I dream of and envision a future in which people, no matter what their skin colour or abilities are; have the right to exist and have equal access to economic participation, education, information and a say, that enhances their quality of life. As the first mixed-race person in my family, who by coming together charted a new path of love that rose above uncertainties and fears about the future, I hope that when family members saw me for the first time, they saw and recognized the future. A future of children who may not even have the same skin colour as their parents, still carried their hopes and dreams for a better world. A world that didn’t pin them into a box of what to conform to, based on skin colour.

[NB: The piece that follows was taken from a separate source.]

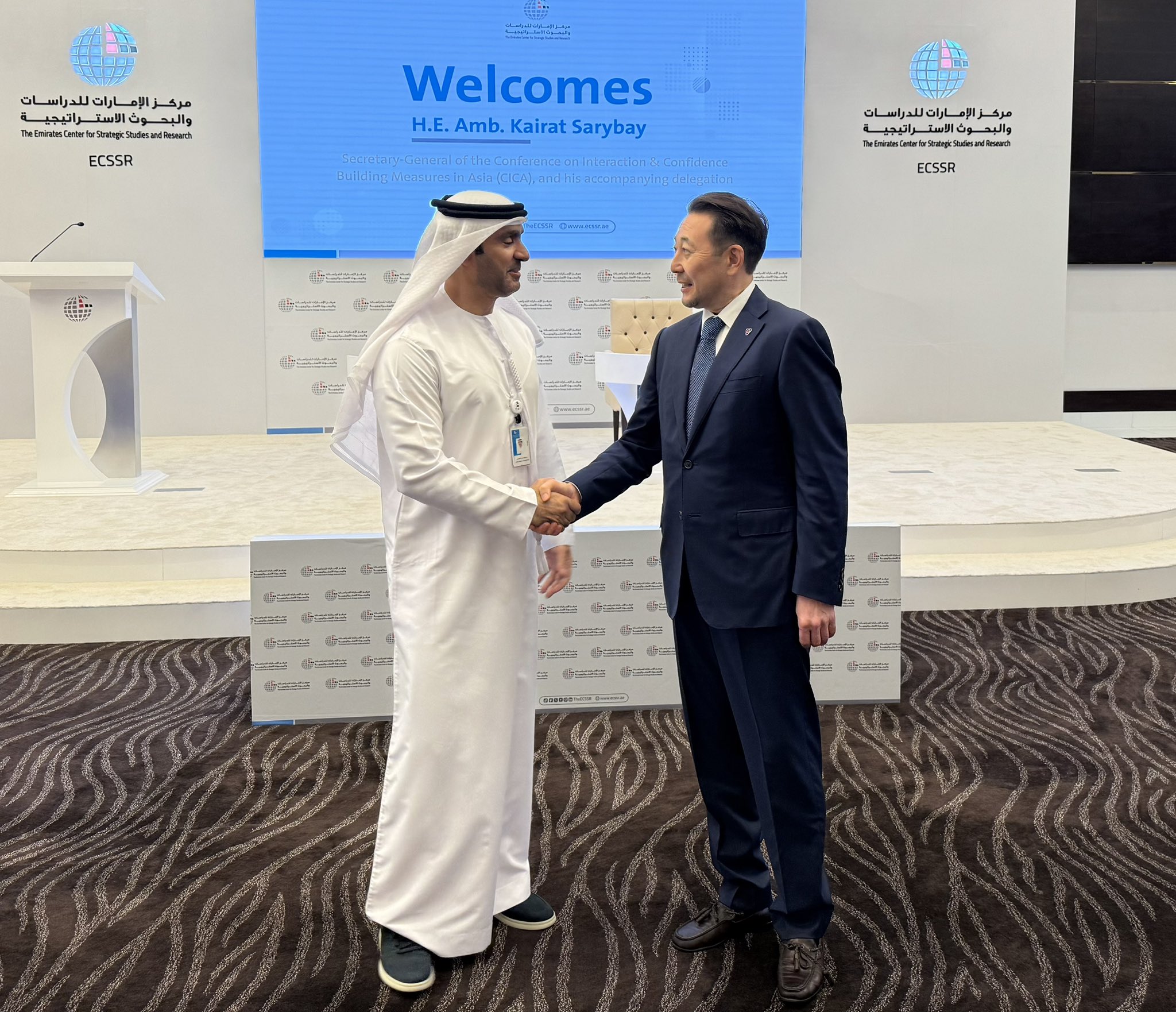 Абу-Даби, 8-9 декабря 2025 года — Генеральный секретарь Совещания по взаимодействию и мерам доверия в Азии (СВМДА) Посол Кайрат Сарыбай совершил рабочий визит в Абу-Даби для проведения консультаций с высокопоставленными должностными лицами Объединенных Арабских Эмиратов.

As I witness family, friends and peers raise their own families and, welcome new members even during the pandemic; I am surrounded by a new generation of multiracial, multicultural and multilingual couples and children. I joy at each new story triumphing against the odds. I think – who will these children, our future, look up to? What core values and lessons will we teach these future generations?

They will need strong, confident, resilient people who though having warred and battled through challenges, emerged victorious because they dared to have real conversations. Conversations based on mutual respect and a genuine desire to understand each other and find ways to resolve conflict, and to rebuild the future on firmer foundations. No child should have to grow up in fear simply because he or she looks different. These children are the face of the future – a future that says true unity and love across what people said was impossible, is after all, possible.